Collected material ->

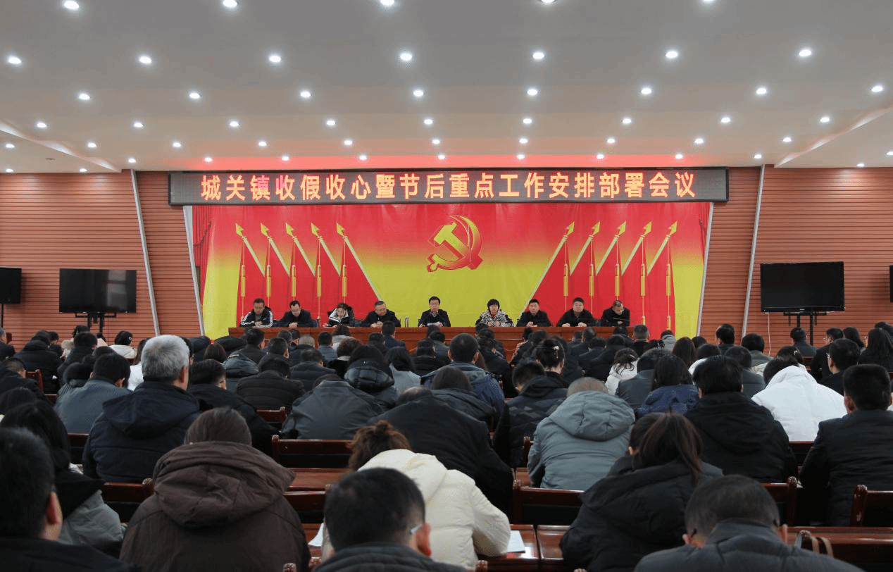 岁序易,华章新。2月19日,城关镇召开收假收心暨节后重点工作安排部署会,镇全体干部,第一书记,各村文书等190余人参加会议。
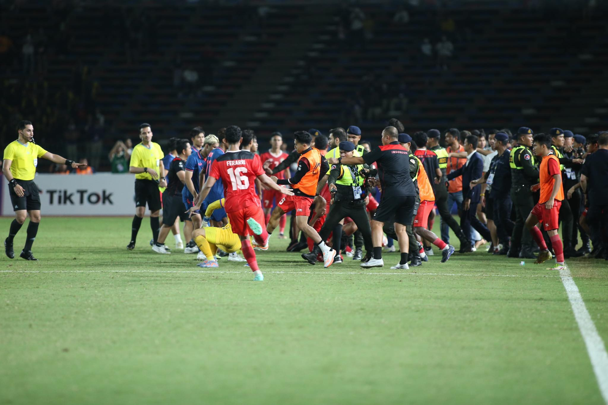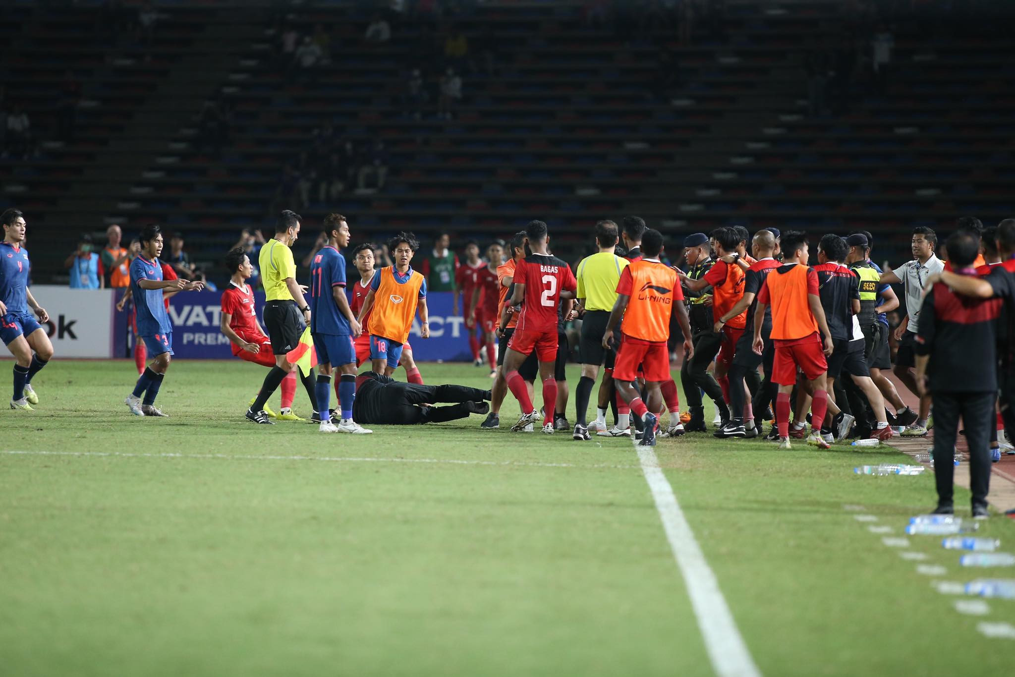 Thẻ đỏ (Soponwot và Komang): Cảnh sát Campuchia buộc phải can thiệp để trận đấu có thể tiếp tục. Với màn loạn đả trên sân, trọng tài chính rút thẻ đỏ đuổi thủ thành thành Soponwit của U22 Thái Lan và Komang bên phía U22 Indonesia.
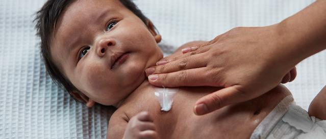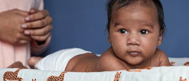 Give baby a gentle newborn tummy massage after their umbilical cord has healed. Make gentle contact with baby’s tummy with a reassuring and relaxed hand. If baby is happy, make gentle paddling strokes with one hand following the other.
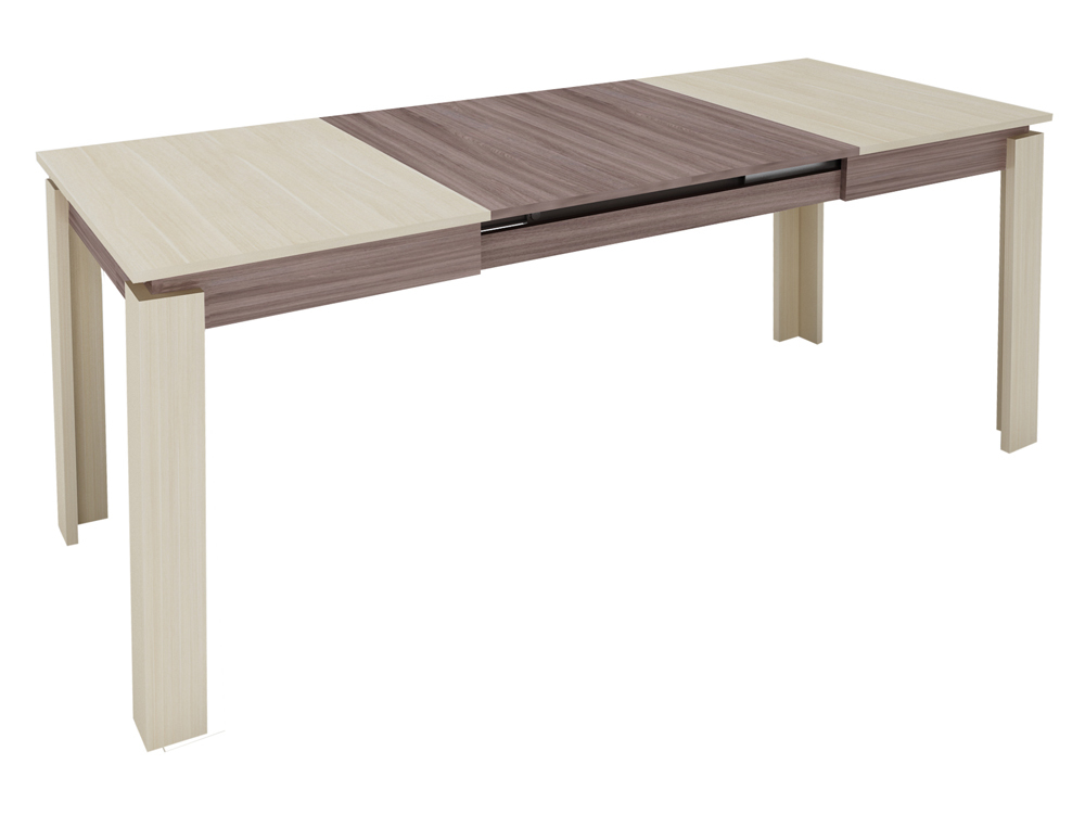 «Орфей 16.1» – это обеденный стол, выполненный в оригинальном цветовом решении – контрастном сочетании двух оттенков ЛДСП. Благодаря механизму синхронного раздвижения столешницы и наличию двух вставок, стол увеличивается в длину на 40 и на 80 см.

What you have to do -> Here the requirement is to restate exactly the line holding "Give baby a" and every later line through the end of the material, omitting pictures.

Task solution ->
 Give baby a gentle newborn tummy massage after their umbilical cord has healed. Make gentle contact with baby’s tummy with a reassuring and relaxed hand. If baby is happy, make gentle paddling strokes with one hand following the other.
 «Орфей 16.1» – это обеденный стол, выполненный в оригинальном цветовом решении – контрастном сочетании двух оттенков ЛДСП. Благодаря механизму синхронного раздвижения столешницы и наличию двух вставок, стол увеличивается в длину на 40 и на 80 см.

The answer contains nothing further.